22. La facilità con cui un tale adoratore di Gesù come un Dio riuscisse a conciliare le apparenti contraddizioni è dimostrata clamorosamente da un esempio che potrebbe arricchire la decina di prove fondative dell'umanità e della storicità del Gesù. Le profezie della venuta imminente del Figlio dell'Uomo alla distruzione di Gerusalemme, e dei prodigi su prodigi ad essa legati, nessuno dei quali furono verificati, sembrerebbero una dimostrazione lampante di umanità, e persino di un'umanità ampiamente imperfetta. Sicuramente si potrebbe pensare che nessun adoratore di Gesù avrebbe potuto scrivere tali predizioni; sicuramente esse dovettero essere state pronunciate essenzialmente come dettate, e preservate solo per la riverenza dei biografi intenti a una “riproduzione fedele dei fatti”. A prima vista questa sembra essere la plausibilità stessa. Però non è nulla di più; è ben lungi dall'essere un fatto. Passando a 2 Pietro 3:4, 8, scopriamo due cose: che la difficoltà fu effettivamente sollevata da alcuni “schernitori” e che non turbò la serenità dell'autore dell'epistola. La contraddizione che urtò così duramente il “volenteroso ignorante”, la sua fede prontamente risolse in una coerenza superiore. Mediante l'espediente semplice ed elegante di introdurre un moltiplicatore costante (o un divisore, a seconda delle necessità), cioè 365.000 (trascurando alcune centinaia dispari), egli porta le profezie in armonia non solo con l'esperienza, ma anche con le più elevate previsioni della speculazione stoica.
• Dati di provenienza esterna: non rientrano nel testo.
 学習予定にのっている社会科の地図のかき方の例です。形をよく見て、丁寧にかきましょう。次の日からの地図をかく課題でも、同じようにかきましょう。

Forse qualcuno potrebbe ritenere un tantino eroico questo trattamento, ma non è così! Apparirà in un certo senso mite e modesto, al confronto con le manipolazioni dell'esegesi moderna nel trattare l'esatta cronometria di Genesi 1, per cui un giorno definito da una rotazione completa della terra sul suo asse (“e fu sera e fu mattina: primo giorno”) viene dilatato in un'era geologica. E non ci sono forse milioni di persone altamente illuminate che ancora oggi trovano la riconciliazione petrina proprio comme il faut? 
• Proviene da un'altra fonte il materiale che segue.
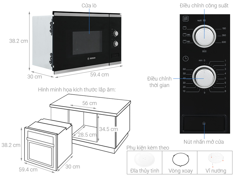 Bosch BEL520MS0K là một lựa chọn đáng cân nhắc cho căn bếp hiện đại — thiết bị vi sóng âm tủ đa năng, sang trọng và an toàn.

23. Sembra, dunque, che la possente freccia dell'argomentazione dello svizzero abbia mancato il bersaglio, perché nel puntare non si è tenuto conto della dimensione personale, nazionale e temporale. Il professor Schmiedel non ha giudicato innaturalmente, ma ha giudicato infelicemente, gli altri in base a sé stesso; ha proiettato il proprio modo di pensare, altamente preparato, sequenziale e scientifico, attraverso il mare dei secoli, nella mente dei profondi teosofi che organizzarono il sistema cristiano. Le conclusioni che ha tratto possono forse valere per una coscienza come la sua, ma non per una coscienza come la loro. Questo è il risultato a cui siamo indotti dalle riflessioni generali sull'intera materia e modalità di questa argomentazione, senza alcun indagine particolare su ogni brano addotto.

NOTE

[1] Lucus a non lucendo.

[2] Per le loro realizzazioni retoriche si vedano le importanti monografie di D. H. Mueller: Die Bergpredigt im Lichte Der Strophentheorie, e Das Johannes-Evangelium im Lichte der Strophentheorie.

[3] Se davvero questi pilastri appartengano tutti allo strato più antico del lascito evangelico, il che è tutt’altro che certo e qui viene concesso solo provvisoriamente, per amor di discussione.